Brian Pilkington

Personal information
- Full name: Brian Pilkington
- Date of birth: 12 February 1933
- Place of birth: Leyland, England
- Date of death: 7 February 2020 (aged 86)
- Place of death: Adlington, England
- Position(s): Winger

Youth career
- 1950–1951: Leyland Motors

Senior career*
- Years: Team / Apps / (Gls)
- 1951–1961: Burnley / 300 / (67)
- 1961–1964: Bolton Wanderers / 82 / (11)
- 1964–1965: Bury / 19 / (0)
- 1965–1967: Barrow / 87 / (9)
- 1967–1968: Chorley
- 1969–1971: Leyland Motors
- Total:  / 488 / (87)

International career
- 1954–1957: England B / 2 / (1)
- 1954: England / 1 / (0)

= Brian Pilkington (footballer) =

English footballer (1933–2020)

Brian Pilkington (12 February 1933 – 7 February 2020) was an English professional footballer, who played as a left winger.

==Burnley==
Pilkington made his name with Burnley after he was recommended to the Clarets by his hometown team Leyland Motors.

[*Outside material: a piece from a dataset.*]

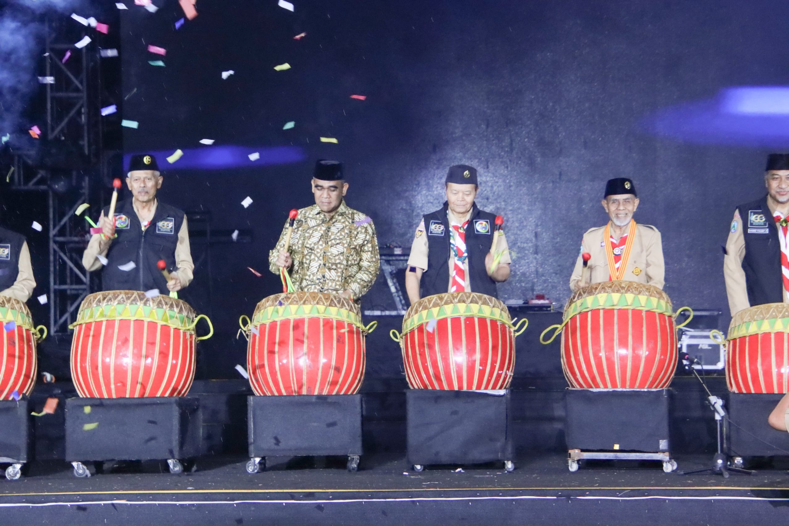 Ketua MPR Ahmad Muzani Memukul Tambur menandai dibukanya perkemahan Pramuka Muslim dunia, Jamboree 2025. (foto:ist)

With a strong interest from various north west clubs, Burnley signed him in April 1951, and he continued to work at Leyland Motors as an apprentice coach painter, while still playing for the Reserves in the Central League.
Following the departure of Billy Elliott to Sunderland in the summer of 1953, Pilkington became a regular in the first team.

In February 1954, he was called in to the Royal Air Force and was stationed at RAF Kirkham, but continued to play for Burnley during this period.

During his career, Pilkington played 340 games for Burnley scoring 77 goals.

During Burnley's momentous 1959/1960 season he missed only one game and contributed 11 goals, including the opening goal at Manchester City in the 2–1 win that crowned Burnley as champions.
The following season, he continued to feature for the Clarets, scoring his last two goals for the club in the victory over Hamburg in the European Cup tie at Turf Moor.

==Transfers and international appearances==
Following this he spent three years at Bolton Wanderers, then Bury, Barrow and Chorley. He won one England cap, in place of the injured Tom Finney, whilst at Burnley, on 2 October 1954 in a 2–0 victory over Northern Ireland. He was also capped twice for England B, scoring once.

==Post-football career==
He continued to live in Leyland and became a successful businessman and magistrate. He was married to Maureen, with whom he had a son, Tim.

In 2018 the Lancashire Football Association honoured him by naming a stand after him at their headquarters in Leyland.

==Death==
Pilkington died in a care home in Adlington on 7 February 2020 aged 86 after a long battle with Parkinson's and Alzheimer's disease.